As to all that part of the land, nearest to Main Street, called Pond
Meadow, the defendant denied the right of the plaintiff to maintain
this action, on the ground that the plaintiff, on the 13th of July,
1839, had taken of the defendant a lease thereof during the life
of the aforesaid Susan Pynchon, so that the defendant had ceased
to be tenant for life, and the plaintiff had become tenant for life,
entitled to the possession; and that the relation of tenant for life
and remainderman no longer subsisted between the parties.
The lease was given in evidence, and the execution thereof
admitted. The judge sustained the defendant's objection,
and instructed the jury that, as to that part of the land, the
action could not be maintained.
As to the alleged acts of waste on the other parcel of land, the
defendant made several answers : As to removal or decay of fences,
and the loss of boundaries, he denied the fact; and the evidence was
left to the jury, with directions not objected to. As to the other
alleged acts of waste, the defendant denied that they amounted to
waste. And the jury were instructed that the opening of a way
through the land, from one highway to another, was not waste. . . .
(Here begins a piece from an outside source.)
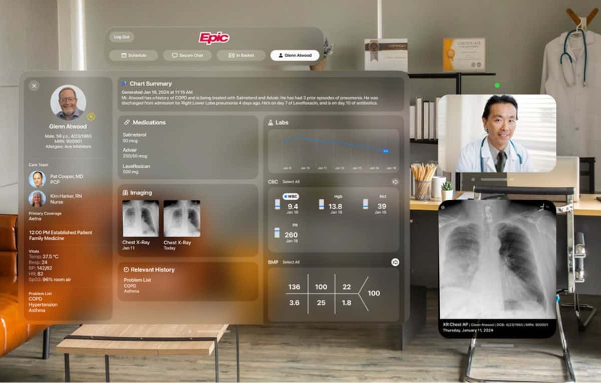 السجلات الطبية جزء أساسي من عمل أي طبيب، ولتسهيل كيفية التعامل معها، طوّرت Epic Systems وهي شركة متخصصة في تصميم السجلات الصحية الإلكترونية، تطبيق Epic Spatial Computing Concept خصوصًا لنظارة Apple Vision Pro للسماح للأطباء بإنشاء السجلات الطبية الخاصة بمرضاهم بسهولة، ومراجعة نتائج التحاليل في المختبرات، والتواصل مع المرضى باستخدام نظام دردشة آمن من خلال إيماءات بديهية.

This starts on page 658 of "Select Cases and Other Authorities on
the Law of Property", By John Chipman Gray
http://tinyurl.com/365vdb
I don't know for certain---nailing the whole thing down as verifiable history,
if "Pynchon v. Stearns" is all wired up with Thomas Stearns Elliot's "The
Waste Land', though the notion and spirit of the T.S. Elliot poem is all
over the writing of Thomas Ruggles Pynchon the fifth. Not to mention the
red sands in AtD or W.A.S.T.E. in the Crying of Lot 49. But one way or t'other,
there's a boni-fied literary mystery going on here.
Charles Stearns was a political mover & shaker in Springfield who crossed
paths with the Pynchons and their business concerns. I'm not certain, but
I'm pretty sure that Charles Stearns is related to T.S. Elliot and I know Eddie
and Suzy and Johnnie were Pynchonites. Knowing this clash of famlies,
"The Waste Land" and Tommy Boy's books can be observed in a different light.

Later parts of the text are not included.